I met this wonderful girl at my brothers graduation. Of course i didnt know this by then, we hooked up and that was it, or so i thought. I was looking for something so i found out her name and added her on facebook. We immediately hit it off together. She is 4 years younger than me (im 23) and to my surprise we had so much in common, we would talk for hours each night until sunrise almost (on the internet) and it was magical because most girls i've been with i have felt attraction for but maybe not having a lot in common. Well this girl was different, she talked my language and we shared a lot of feelings through music and she had all these qualities i loved! So we started seeing eachother when we werent talking, we were with eachother 16 hours a day in someway or another. Seeing her felt natural, she was careful because she had been hurt physically and mentally by previous boyfriends and i told her that i would never do that, and that that is definetely not normal and that shes just met the wrong people in her life. Well we had wonderful nights together, she hung out with me and my friend one night and it really felt as though we had so much going for us together, i knew she felt the same. She definetely had problems showing her feelings about things. But she did do it, only by small things, that i should have appreciated.
I go to college in america and was just in my homecountry Norway over the summer for vacation.
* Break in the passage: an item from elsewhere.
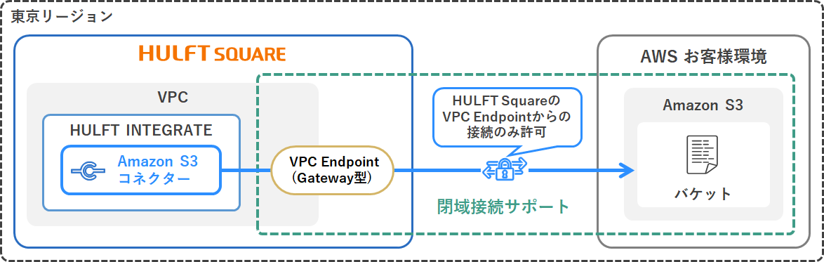 VPC Endpoint経由のAWS内部ネットワーク通信網を利用したAmazon S3への接続が、新たにサポート対象となりました。通信が AWS 内部ネットワークで完結するため、外部経路を通らずに高いセキュリティと安定した通信品質を確保できます。機密性の高いデータを扱うシステム連携や、金融・公共領域などで求められるネットワーク制約にも対応可能となります。

This is where we met and we both knew that i would leave in the fall. She told me one night that she might develop feelings for me but shes afraid of it because she knows she might get hurt because long distance doesnt work. I should have known this but i couldnt help but falling for her deeper.
However, after we had been seeing eachother for 2 months i sent her a message saying that it was hard for me that she didnt show her feelings and that i dont know what to do? She became furious because she took it the wrong way, shes very insecure (just like me) and therefore she told me that it ruined so much because she thought we had something good together, and that i disproved that by saying so. I told her the truth, that i hadnt seen the small things that she did and apologized in a long letter. After a week she agreed to see me, she was sad about it, and not being the same anymore. I told her that she meant so much to me and that i felt that i had lost someone that i felt so much for and that i didnt want to lose her. She told me that she didnt know what to do about it. But that i meant a lot to her. We talked for hours, and there was a lot of tension between us... We finally said goodbye and she went home to her place. She looked into my eyes and kissed me.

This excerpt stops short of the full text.